[[ Collected material, beginning ]]

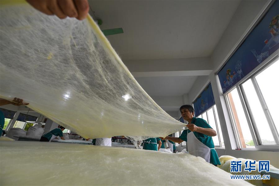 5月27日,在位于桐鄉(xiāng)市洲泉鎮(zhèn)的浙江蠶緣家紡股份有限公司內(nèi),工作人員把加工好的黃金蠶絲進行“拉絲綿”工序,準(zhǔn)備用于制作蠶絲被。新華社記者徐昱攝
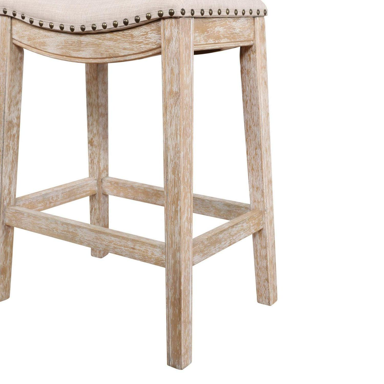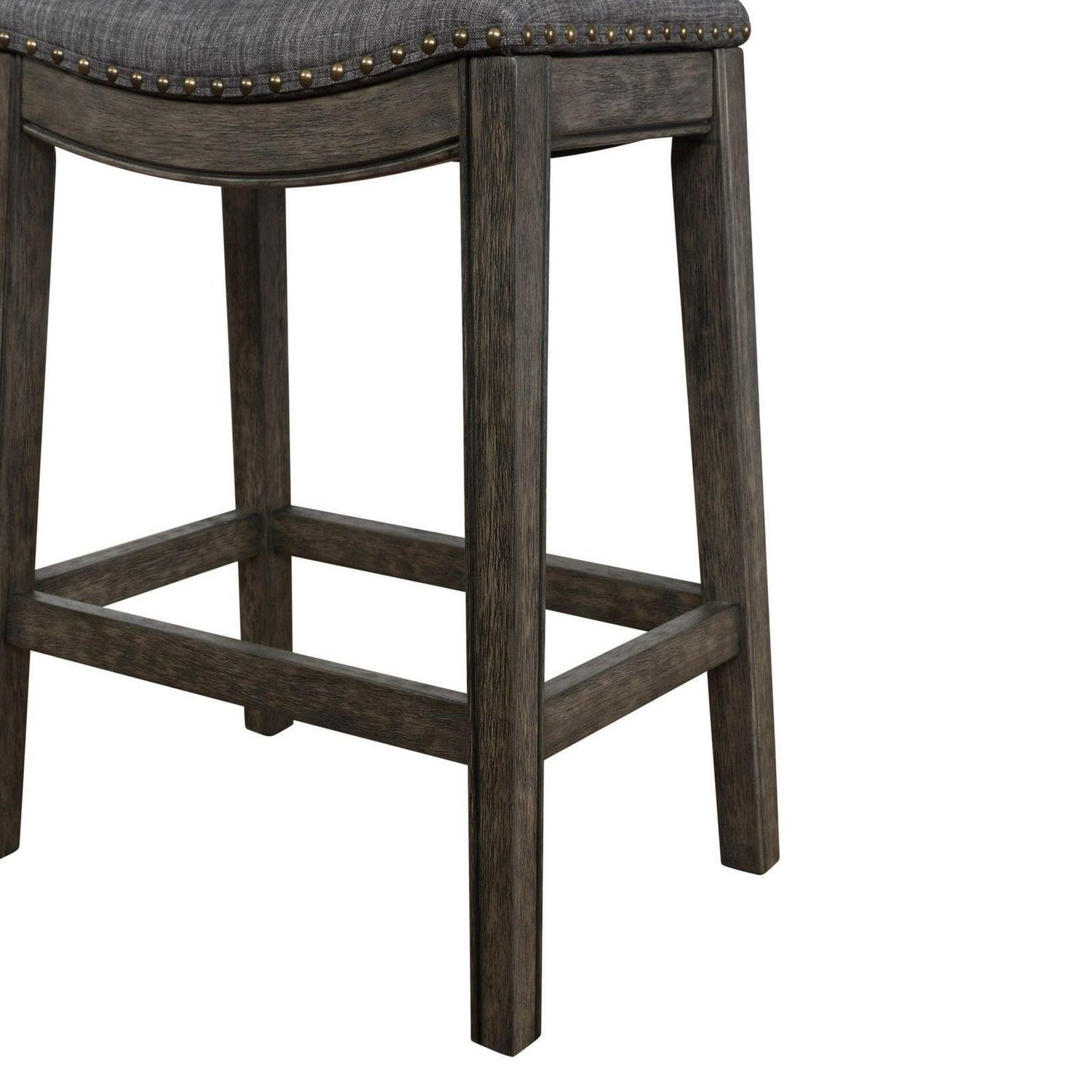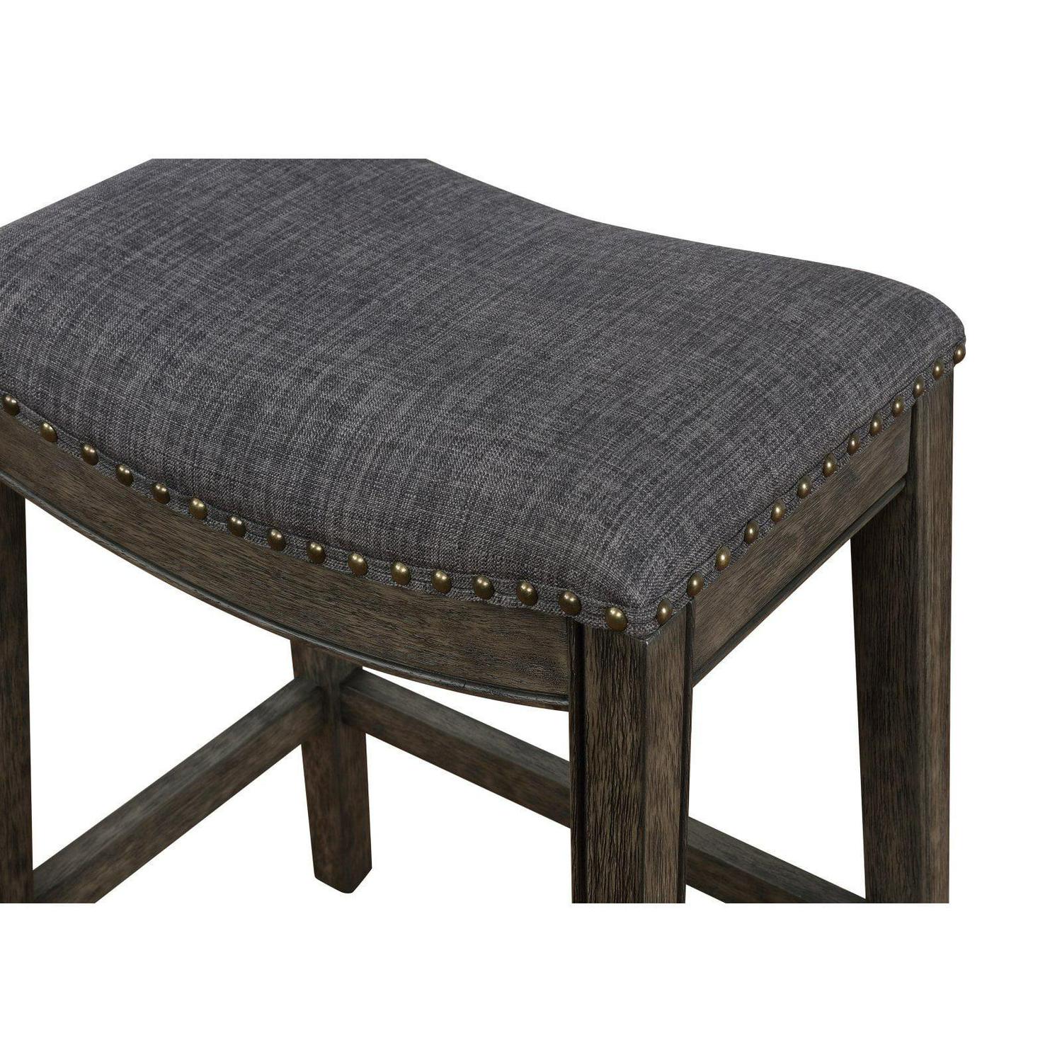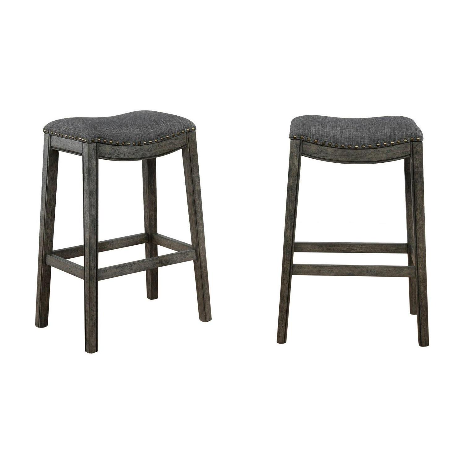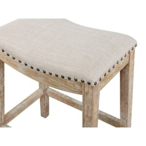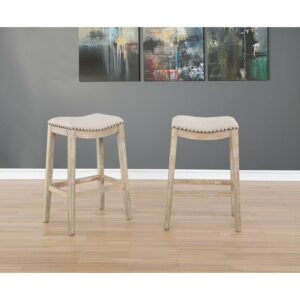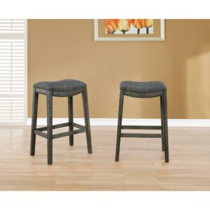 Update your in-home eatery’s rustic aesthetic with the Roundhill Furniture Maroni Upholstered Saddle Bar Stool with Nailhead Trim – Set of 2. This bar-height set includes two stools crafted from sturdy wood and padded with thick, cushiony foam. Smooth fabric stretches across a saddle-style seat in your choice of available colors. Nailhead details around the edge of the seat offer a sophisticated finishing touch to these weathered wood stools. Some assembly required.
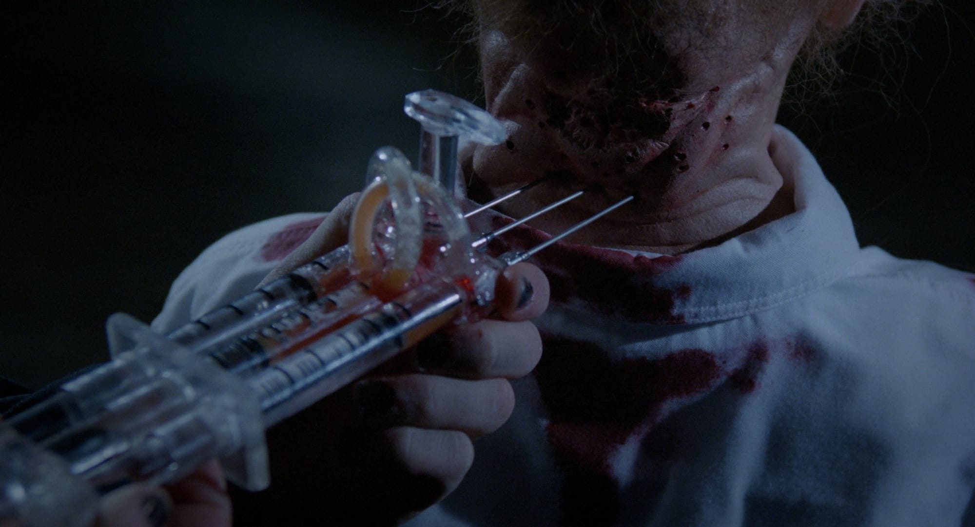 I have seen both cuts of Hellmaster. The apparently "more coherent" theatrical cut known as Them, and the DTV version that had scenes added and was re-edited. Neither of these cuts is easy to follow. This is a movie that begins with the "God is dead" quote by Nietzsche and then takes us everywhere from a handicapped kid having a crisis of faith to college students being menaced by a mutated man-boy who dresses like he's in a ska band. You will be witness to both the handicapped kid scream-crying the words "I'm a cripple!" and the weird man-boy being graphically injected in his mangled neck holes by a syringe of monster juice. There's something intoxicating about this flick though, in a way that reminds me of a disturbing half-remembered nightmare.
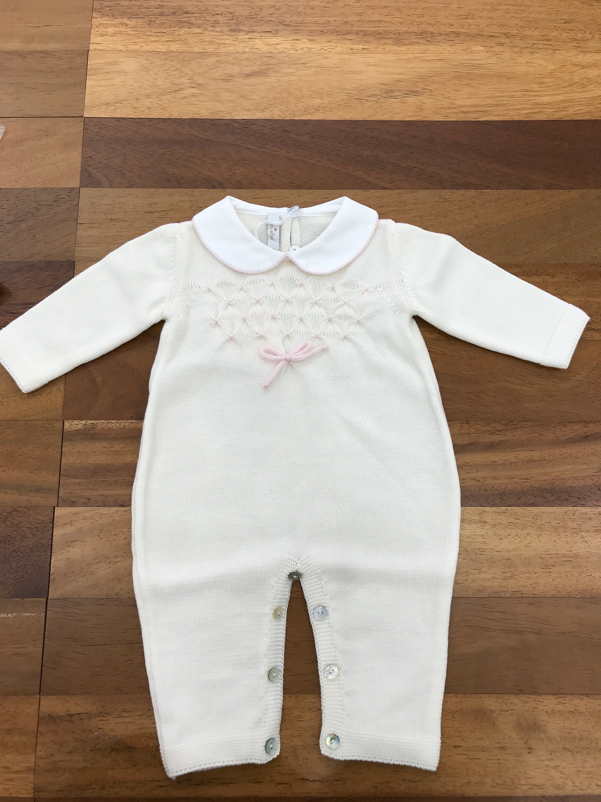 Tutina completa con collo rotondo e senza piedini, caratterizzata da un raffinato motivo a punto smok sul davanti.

[[ Collected material, end ]]

* **Task description**
Copy out all of the data word for word. Do not carry over any picture.

* **Worked solution**
 5月27日,在位于桐鄉(xiāng)市洲泉鎮(zhèn)的浙江蠶緣家紡股份有限公司內(nèi),工作人員把加工好的黃金蠶絲進行“拉絲綿”工序,準(zhǔn)備用于制作蠶絲被。新華社記者徐昱攝
 Update your in-home eatery’s rustic aesthetic with the Roundhill Furniture Maroni Upholstered Saddle Bar Stool with Nailhead Trim – Set of 2. This bar-height set includes two stools crafted from sturdy wood and padded with thick, cushiony foam. Smooth fabric stretches across a saddle-style seat in your choice of available colors. Nailhead details around the edge of the seat offer a sophisticated finishing touch to these weathered wood stools. Some assembly required.
 I have seen both cuts of Hellmaster. The apparently "more coherent" theatrical cut known as Them, and the DTV version that had scenes added and was re-edited. Neither of these cuts is easy to follow. This is a movie that begins with the "God is dead" quote by Nietzsche and then takes us everywhere from a handicapped kid having a crisis of faith to college students being menaced by a mutated man-boy who dresses like he's in a ska band. You will be witness to both the handicapped kid scream-crying the words "I'm a cripple!" and the weird man-boy being graphically injected in his mangled neck holes by a syringe of monster juice. There's something intoxicating about this flick though, in a way that reminds me of a disturbing half-remembered nightmare.
 Tutina completa con collo rotondo e senza piedini, caratterizzata da un raffinato motivo a punto smok sul davanti.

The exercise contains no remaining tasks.